I would have expected that declaring the type of the template parameter as xs:string would improve performance by removing run-time checking, and the -explain output does appear to show fewer checks taking place. In fact, declaring the type makes it slower; it turns out that (not shown on the -explain output) the template is checking that the supplied parameter is of the correct type. This doesn't happen for function calls, where the code for function calling generates the run-time checking code only where needed; but templates are treated differently because in general (that is, if they have a match attribute) it's not possible to tell statically who is calling whom. So it seems we only get this benefit if we rewrite the template as a function. But at the moment, the version written as a function is taking longer - 144ms. That, it seems, is because the function is being evaluated in pull mode: where all that a function does is to generate text that is written to the result tree, push mode is generally better. Really it's high time we unified named templates and functions, trying to get the best of both worlds for both cases.

It turns out that my rewrite using functions isn't 100% equivalent to the original: the function is generating strings rather than text nodes, which means extra spaces are being inserted as separators, which might account for the extra cost.

Stripping whitespace from the source document improves the time to 95ms. Is there any way that could be automated? It's not so far-fetched as it might seem - this is just a special case of what we can do with document projection in XQuery. In principle, a stylesheet like this with only one template rule (for text nodes) is fully analyzable statically just as XQuery is, and it should therefore be possible to produce a path map showing all the nodes visited, and remove those that make no contribution to the output during document building - as it happens, these include not only the whitespace text nodes, but all the elements!

Which suggests the idea that for XSLT, a different approach to document projection might be possible: any element that isn't matched by any template rule in the stylesheet can be skipped (replaced by its contents) during the initial document loading.

Alternatively, if there are no template rules that match any elements then we could rewrite the defaulted template rule for the root as:

<xsl:template match="/">
  <xsl:apply-templates select="//text()"/>

but this doesn't give very much saving - it seems that navigating down through all the elements and applying the built-in rule for each one costs very little.

I have now added static type checking for named template parameters, in the same way as for function parameters. Adding a type declaration to the xsl:param now brings the execution cost down from 114ms to 106ms. This doesn't help with the code as originally written, of course, but it's a good message for users that adding type declarations not only gives you better diagnostics but also better performance. And we can now consider whether to create a required type for the parameter automatically, based on the required type of the context where the variable is first used - in this case as the first argument of substring-before().
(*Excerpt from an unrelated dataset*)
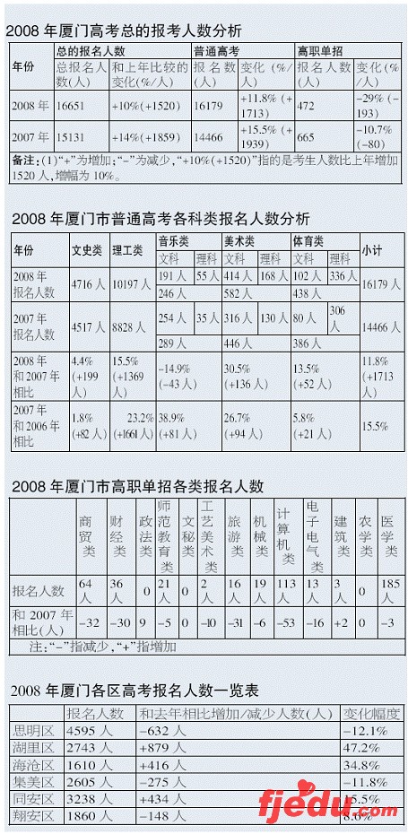 应届生包括户口在厦门但是在外地就读的应届考生,“往届生”指的是往年落榜高中毕业生,“社会考生”包括以同等学力报考的考生。
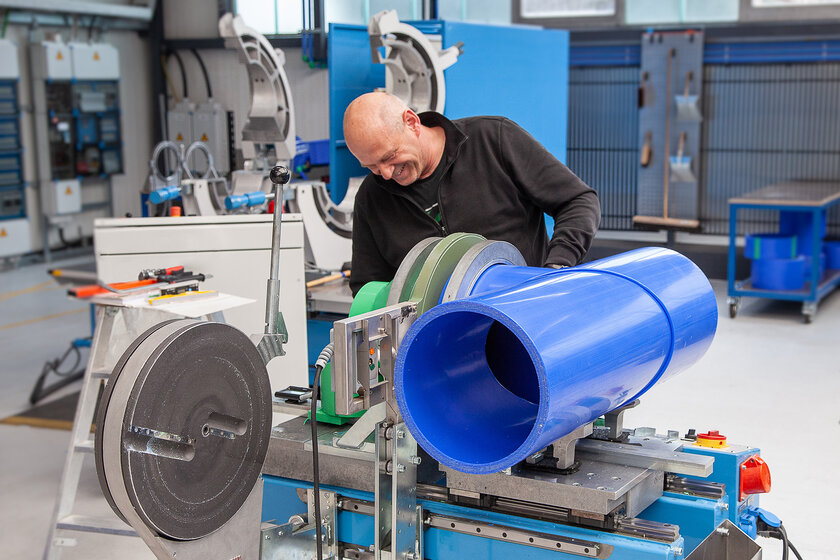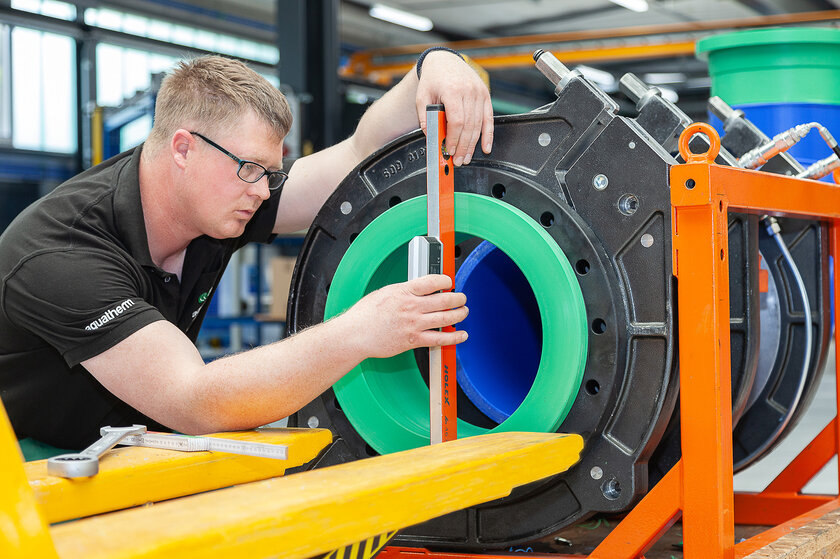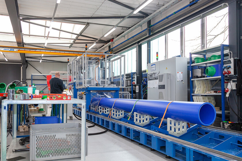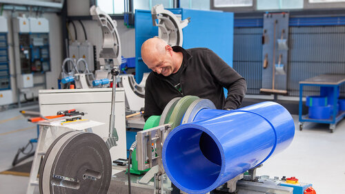 The piping systems, manifolds and special components are then manufactured by our 25-member team in our prefabrication department on a production area of approx. 1600 sqm. After completion, the prefabricated elements are subjected to a tightness and function test by aquatherm before they leave the factory. This means aquatherm can offer a guarantee of 10 years with a sum insured of 20 million euros per case of damage.

With the type declaration on the parameter, it's still running more slowly in 2.0 mode than in 1.0 mode -- 122ms versus 104ms. That's a surprisingly big difference. There's no dramatic difference in the Java profiles for the two cases. There is a small difference in the -explain output: for the initial template call from the match="text()" template, 1.0 mode is doing normalize-space(string(.)) where 2.0 mode does normalize-space(treat as string(convert untyped atomic to string(atomize(.)))). Can't see immediately why: clearly for a text node, applying the string() function here is perfect.

I've changed the type checking code for UntypedAtomicConverter so it recognizes this pattern and replaces itself with a simple call on the string function. The 2.0 performance is now in line with 1.0 (106ms).

That's probably exhausted the opportunities from this particular test case for the time being. I'll now go back to Tatu's results for XSLTMark as a whole and see if there are any others that call for attention. Matching the XSLTC figure will be a bit of a challenge, but we've made up more than half the difference and there's still more potential, even without going all the way to bytecode compilation.